------ SOURCE MATERIAL ------

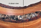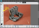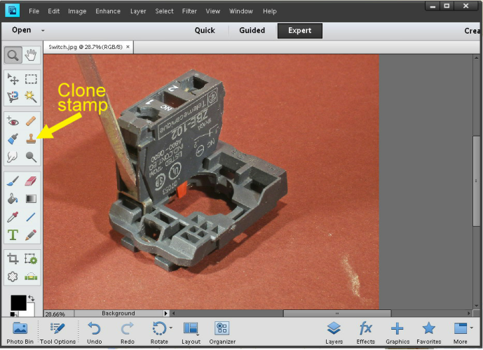 The two images below illustrate the effect of burning. The one on the left is the switch after we removed the sawdust. The foreground is rather bright. The one on the right is the same image after burning the foreground (and using the clone/stamp tool to remove a couple of conflicting shadows).
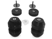 Hollow Timbren rubber springs are mounted between the truck frame and the axle. They do not take the place of the existing leaf spring, but work in conjunction with it, acting as a bump stop, to improve the ride of your truck and to protect springs against overloading.
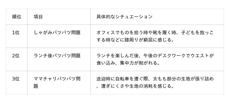 日常のあらゆるシーンに潜む「パツパツ問題」TOP3上記から、多くの方が抱えている膝やお腹周りパツパツ問題の悩みTOP3を「しゃがみパツパツ問題」「ランチ後パツパツ問題」「ママチャリパツパツ問題」としました。育児と仕事を両立する女性たちの、リアルな悩みが反映されたランキングとなりました。
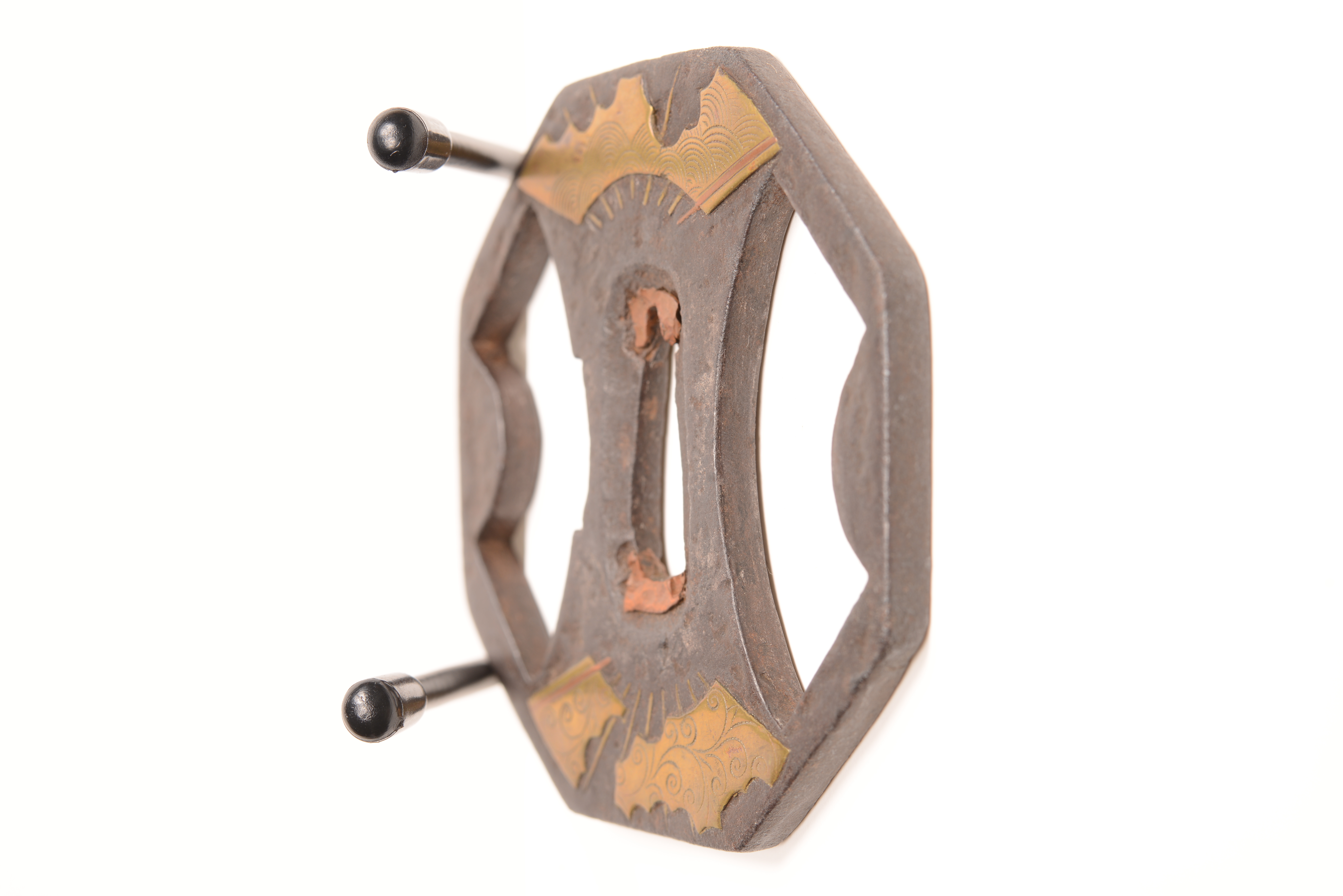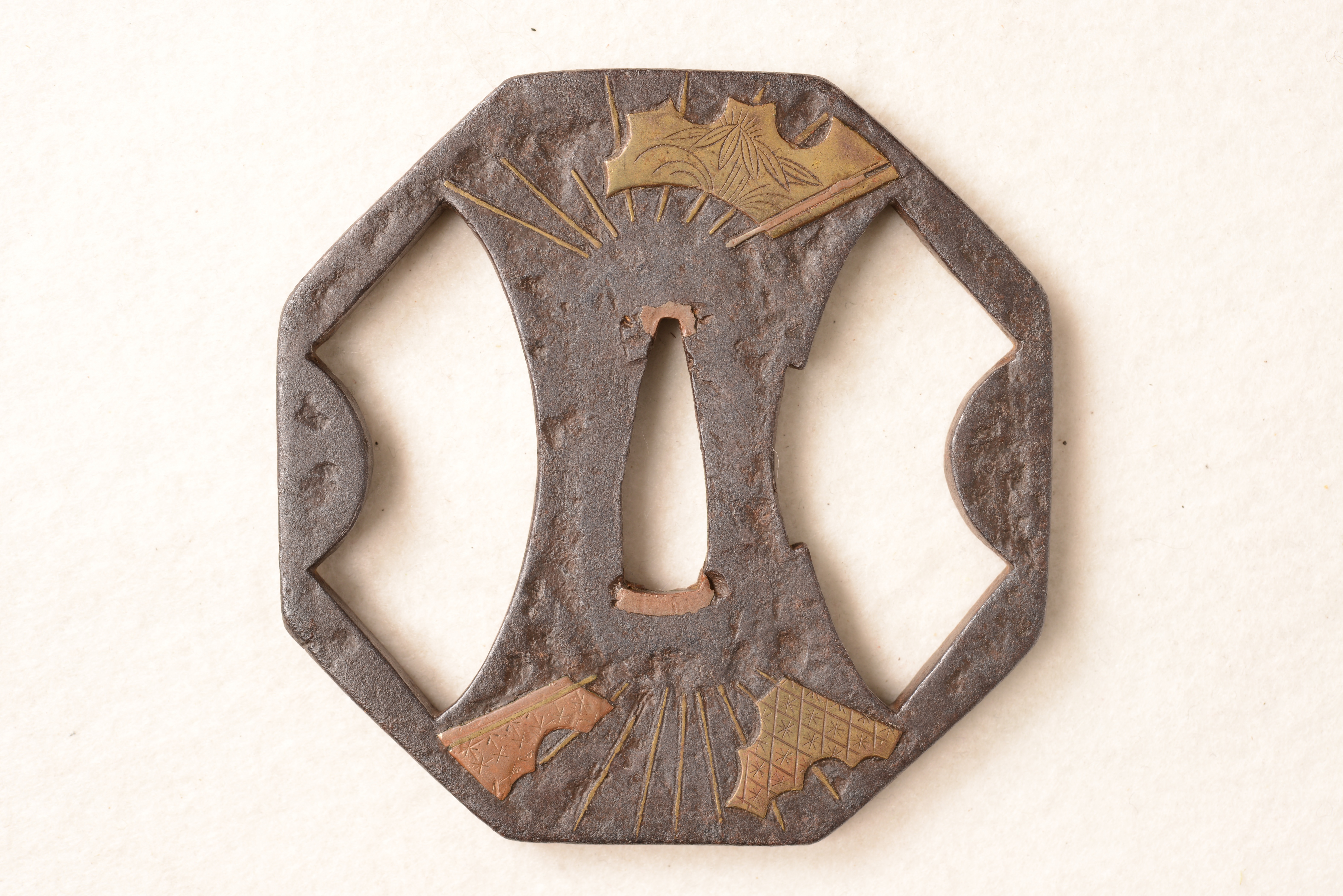 鉄地 八角形 透彫 真鍮銅象嵌

------

* WORK INSTRUCTION *
The listing should be transcribed in full, exactly, and without its pictures.

* ANSWER TO THIS PROBLEM *
 The two images below illustrate the effect of burning. The one on the left is the switch after we removed the sawdust. The foreground is rather bright. The one on the right is the same image after burning the foreground (and using the clone/stamp tool to remove a couple of conflicting shadows).
 Hollow Timbren rubber springs are mounted between the truck frame and the axle. They do not take the place of the existing leaf spring, but work in conjunction with it, acting as a bump stop, to improve the ride of your truck and to protect springs against overloading.
 日常のあらゆるシーンに潜む「パツパツ問題」TOP3上記から、多くの方が抱えている膝やお腹周りパツパツ問題の悩みTOP3を「しゃがみパツパツ問題」「ランチ後パツパツ問題」「ママチャリパツパツ問題」としました。育児と仕事を両立する女性たちの、リアルな悩みが反映されたランキングとなりました。
 鉄地 八角形 透彫 真鍮銅象嵌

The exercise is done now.